- [Aim of the exercise] Retype exactly the span of lines below from the one with "set1: 無視遠迴+1 無視遠距離傷害減免+1" through the one with "IHC image of". Do not include pictures.

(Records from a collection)
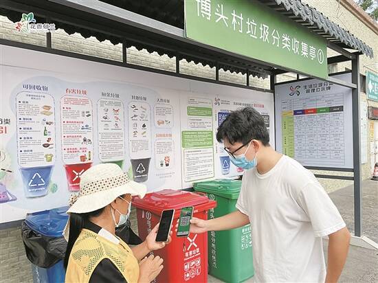 引导员指引业主将生活垃圾分类并注册绿色账户
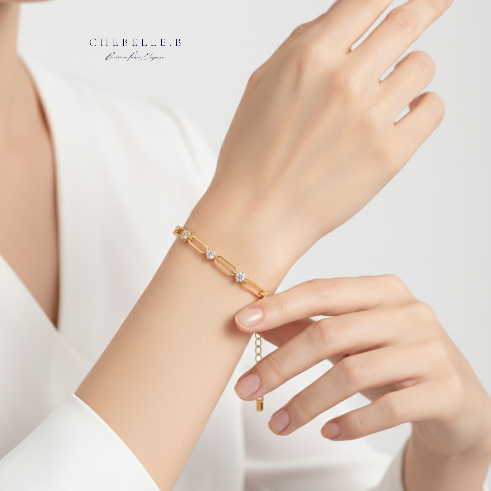 This exquisite bracelet features 10 sparkling 0.5-carat Moissanite stones, set in18K Gold Plated S925 Sterling Silver to create a stunning stars blooming effect. The Moissanite stones, known for their exceptional brilliance and fire, are delicately arranged to evoke the beauty of stars blooming in the night sky, each stone gleaming with radiant light.
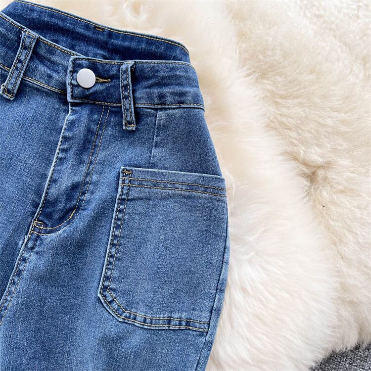 デザインセンス スリム フレアパンツ レトロ ジーンズ 秋 ロングパンツ ハイウエスト
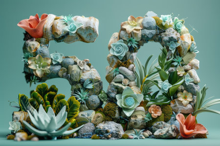 Beautiful stone floral arrangement in the shape of 50
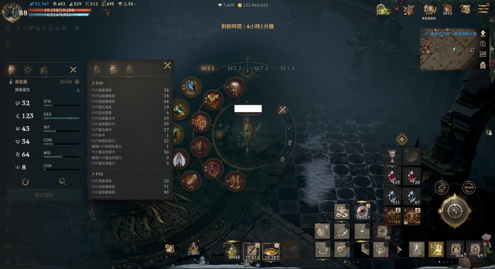 set1: 無視遠迴+1 無視遠距離傷害減免+1 PVE遠傷+7 PVE遠命+1 MP藥水恢復量+1
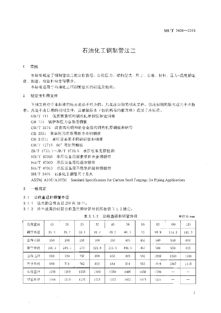 SH/T 3406-2013 石油化工钢制管法兰
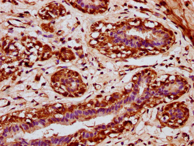 IHC image of CSB-PA018399LA01HU diluted at 1:200 and staining in paraffin-embedded human breast cancer performed on a Leica BondTM system. After dewaxing and hydration, antigen retrieval was mediated by high pressure in a citrate buffer (pH 6.0). Section was blocked with 10% normal goat serum 30min at RT. Then primary antibody (1% BSA) was incubated at 4°C overnight. The primary is detected by a biotinylated secondary antibody and visualized using an HRP conjugated SP system.
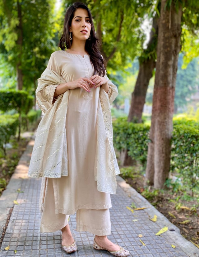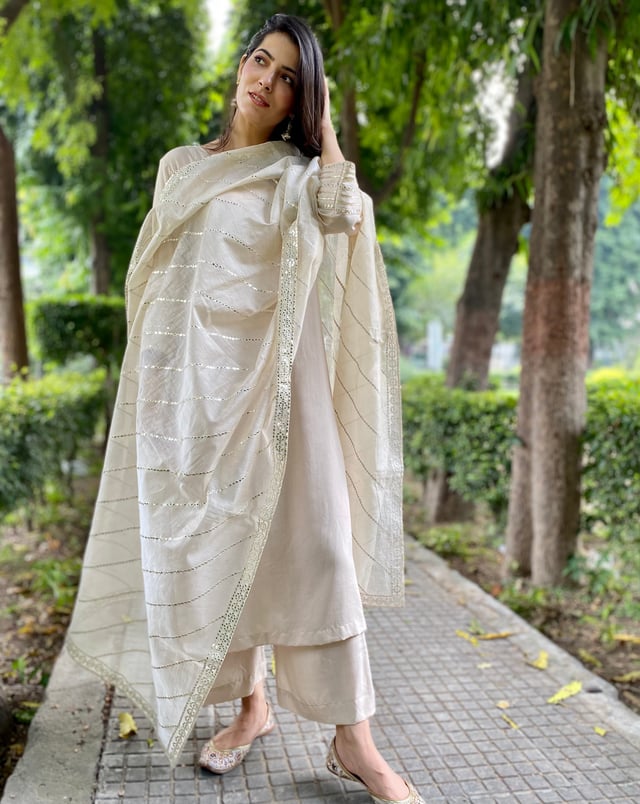 Fawn Mirror Work Chanderi Dupatta Kurta Set
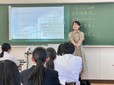 1年生を対象に行われた「先輩に学ぶプレゼン術」では、東京大学、京都大学、東京外国語大学、神戸大学、金沢大学で学ぶ卒業生たち13名からプレゼンテーションを通じて「大学での学びと自分の将来」について話を聴き、1年生たちは自分たちの先輩というロールモデルから大きな学びを得ました。

- [Exercise solution]
 set1: 無視遠迴+1 無視遠距離傷害減免+1 PVE遠傷+7 PVE遠命+1 MP藥水恢復量+1
 SH/T 3406-2013 石油化工钢制管法兰
 IHC image of CSB-PA018399LA01HU diluted at 1:200 and staining in paraffin-embedded human breast cancer performed on a Leica BondTM system. After dewaxing and hydration, antigen retrieval was mediated by high pressure in a citrate buffer (pH 6.0). Section was blocked with 10% normal goat serum 30min at RT. Then primary antibody (1% BSA) was incubated at 4°C overnight. The primary is detected by a biotinylated secondary antibody and visualized using an HRP conjugated SP system.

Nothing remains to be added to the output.